Many people blindly trust the default settings of a password manager to secure their data. But, there are risks you should understand and steps you should take to further secure your passwords on web browsers.

Understand that anyone that has access to the device can gain access to the browser. And if two-factor authentication isn’t turned on, or a master password hasn’t been set, then your passwords are at risk.

The backdoor security flaw of all web browser password managers

Secondly, there is an even more sinister problem with all the web-browser password managers. While the passwords are encrypted on your machine with suitable levels of encryption, like AES 256-bit SSL/TLS, these browsers store the key used for encryption in easily accessible, unsecured folders on your computer.

Anyone that has access to your computer, including via malware, could drop a script that extracts the key and decrypts your “secured” passwords.

You can see how simply this is accomplished here.

That’s why you should also consider adding other weapons to your security defence, such as VPN and antivirus. And, that is why I also recommend using third party password managers.

Why you should use a third-party password manager instead

As already mentioned, in addition to built-in password managers, there are also third-party password managers. These tools offer more robust capabilities and stronger security protocols. I personally believe these make for a more reliable password manager. Plus, as I outlined previously, they come with a greater set of useful features such as password audits, dark web monitoring, family sharing and secure storage for sensitive files.

These applications have often been developed with the highest levels of encryption, multi-factor authentication, and other technologies to provide an extra layer of protection for your data and accounts. Notable password managers are DashLane, LastPass, 1Password and Keeper. Yes, they are paid services, but a paid service also offers some degree of customer assurance and service. There are also some decent free password managers.

While these solutions may cost a bit more than the free built-in password managers, they can offer greater peace of mind when it comes to securing your online presence.

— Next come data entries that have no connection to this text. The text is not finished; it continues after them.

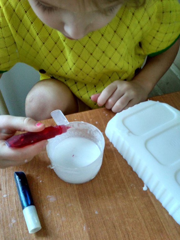 Увлекательнее всего для дочки было смешивать красители и получать новые цвета, ведь красителей всего 3 - красный, синий и жёлтый. А нам нужен и зелёный и фиолетовый.
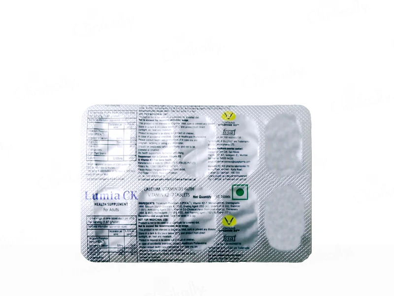 Lumia CK Health Supplement Tablet is a scientifically balanced formulation for adults designed to support bone strength, calcium absorption, and cardiovascular health through a synergistic blend of essential nutrients. It contains key ingredients such as Calcium, Vitamin D3, Vitamin K2-7, Magnesium, and Zinc which collectively enhance bone mineral density and optimize calcium metabolism. Calcium serves as the foundation for strong bones and teeth, while Vitamin D3 promotes calcium absorption from the gut. Vitamin K2-7 helps in proper calcium deposition in bones and prevents arterial calcification, ensuring bone and heart protection. Magnesium aids muscle and nerve function, and Zinc supports bone regeneration and immunity. This supplement is ideal for adults requiring enhanced bone support or suffering from calcium or Vitamin D deficiencies, helping maintain long-term skeletal health when taken regularly as prescribed by healthcare professionals.
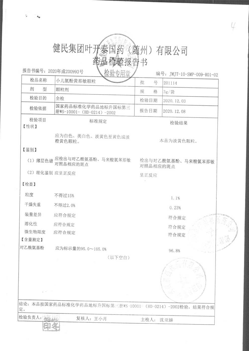 | 小儿氨酚黄那敏颗粒 | 3g | 201114 | 查看详情 |
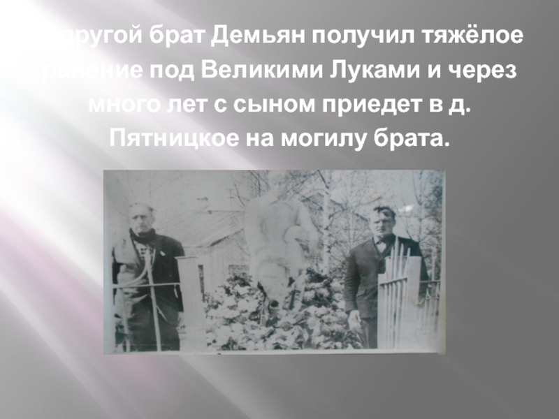 Слайд 14А другой брат Демьян получил тяжёлое ранение под Великими Луками и
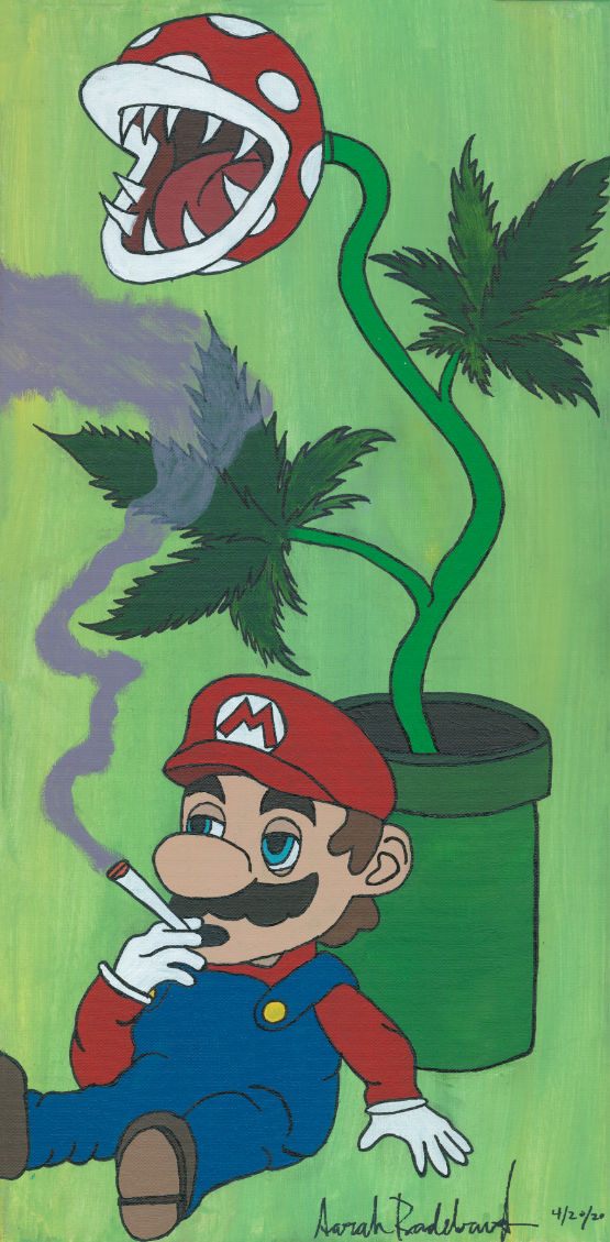 12x24 stretch canvas print of Nintendo character Mario having some fun on his day off.
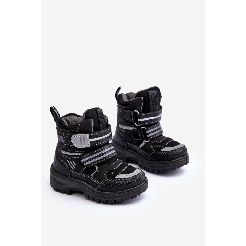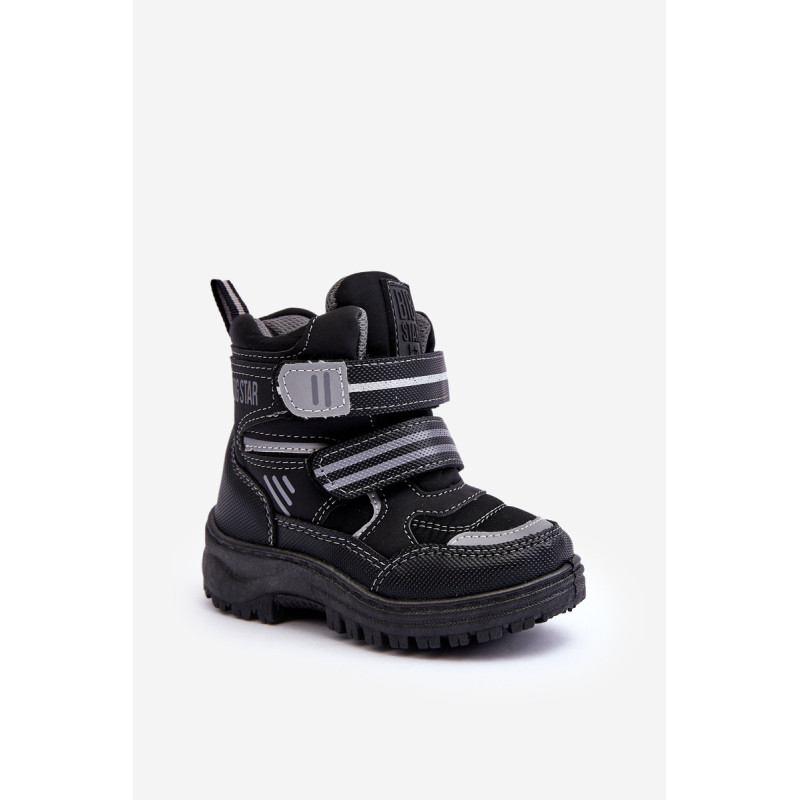 Puikūs žieminiai batai jūsų mažyliui! Šis modelis pagamintas iš tekstilės medžiagos ir eko odos derinio. Viduje jis išklotas kailiu. Jis pastatytas ant platformos, kuri veiksmingai apsaugo nuo šaltos žemės. Modelis turi velcro užsegimą. Jų turi būti jūsų vaiko spintoje! Rinkdamiesi dydį, vadovaukitės dydžių lentele.
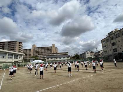 暑い中、運動場での練習を頑張っています。エイサーの時に使用するパーランクを画用紙で作り、運動会の目標も書きました。みんなの運動会の気持ちがさらに高まったのではないかなと思います。

All of these password managers, whether browser-based or from a third-party provider, provide some form of cloud based password manager. Third party options will often also combine offline options with the cloud. However, I understand that some folks are concerned about password security and reliability with cloud services, and there are indeed some offline password manager alternatives.

The Final Score: Are browser-based password managers safe?

In the final analysis, I believe that third-party dedicated password managers offer more robust security. And they come with a long list of helpful features too. So you may want to check out LastPass, Keeper, DashLane or 1Password. But, a web-based browser can be a good start to secure your passwords. The two best ones would be Chrome and Firefox. Just make sure you turn on two-factor authentication and the master password feature to secure your passwords. And then ensure you secure your device with 2FA as well. It’s also wise to add further layers of security via antivirus and a good VPN to ensure your data is further protected.More people are turning to secure email services to prevent leaks of personal data too. Be smart and stay safe.